Les mesures fiscales peuvent atténuer quelque peu cet effet, mais il y aura très probablement une autre contraction importante. Le fait que la consommation des ménages ne recule pas (encore) peut être dû au fait que des économies considérables ont été réalisées “pendant le Covid”, de sorte qu’il existe des tampons pour maintenir les dépenses.

Les économistes d’ING ont calculé que les ménages ont accumulé 100 milliards d’euros supplémentaires de soldes bancaires depuis le début de la pandémie, qu’ils peuvent désormais aborder. Pourtant, malgré ces tampons, les ventes au détail réelles chutent déjà fortement. Ils ont diminué de 3,3 % en novembre.

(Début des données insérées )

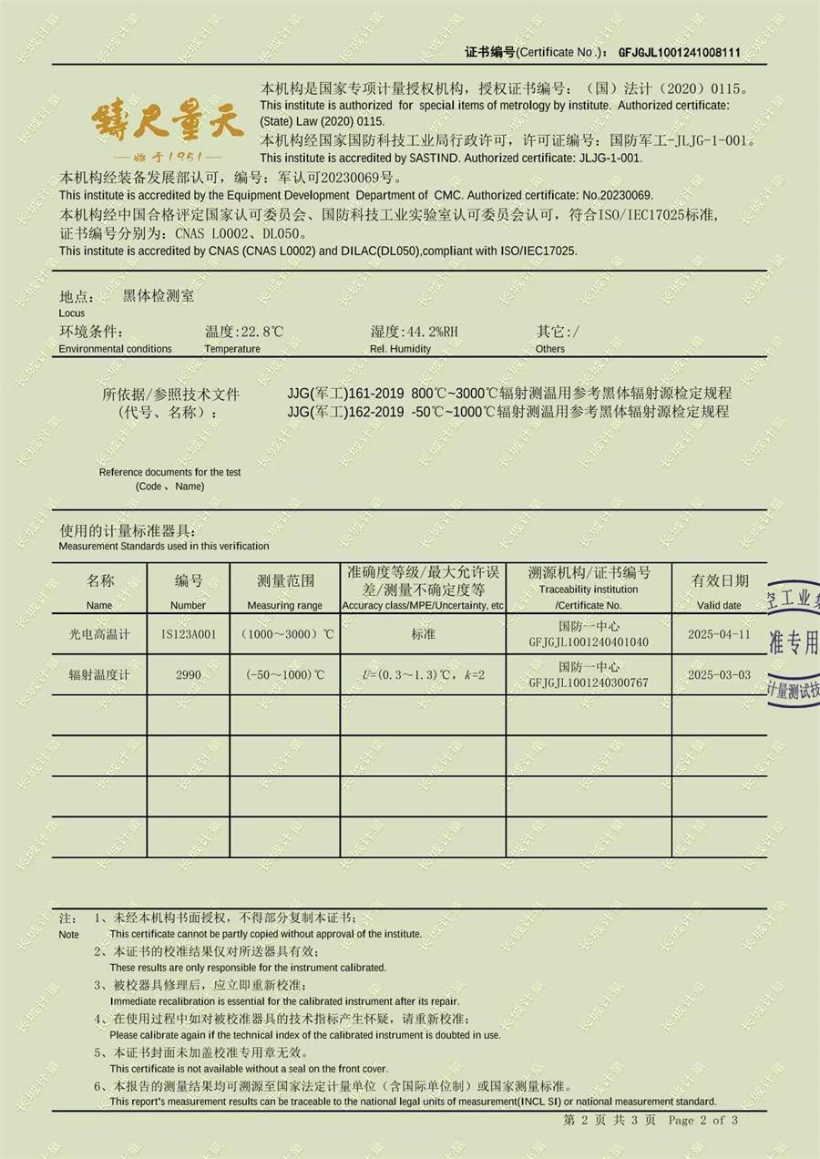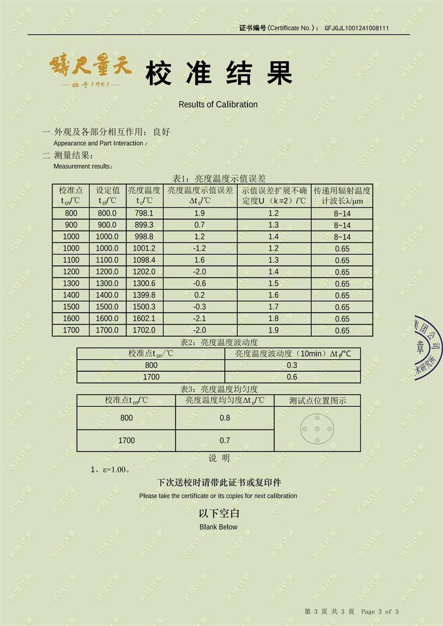 | 上一條:K分度熱電偶校準(zhǔn)證書(shū) | 下一條:DY-HT2M-C高溫面源黑體爐(100mm) |

Le marché du travail se porte toujours bien

Ainsi, les revenus et les dépenses contribuent à l’idée d’une récession, mais l’industrie se porte encore raisonnablement bien. D’autre part, le marché du travail est un facteur important pour les observateurs de la récession du NBER. Et ça marche toujours bien aux Pays-Bas. Selon les chiffres de Statistics Netherlands, la population active occupée a augmenté de 3% sur une base annuelle en novembre, et même de 0,4% par rapport au mois précédent. La participation au travail continue d’augmenter. Et depuis un pic de 3,8% en été, le chômage est retombé à 3,6%.

En résumé : pression sur les revenus, dépenses qui stagnent ou diminuent. Mais une production toujours en hausse et un marché du travail bon, voire tendu pour l’instant. Les Américains attendraient un peu avant de déclarer une récession aux Pays-Bas. Ce qu’il faut, selon les termes du NBER, c’est “une baisse significative de l’activité économique, répartie dans l’ensemble de l’économie et durant plus de quelques mois”.

Peut encore venir, bien sûr. Mais selon la méthode américaine, cela ne semble pas encore si loin.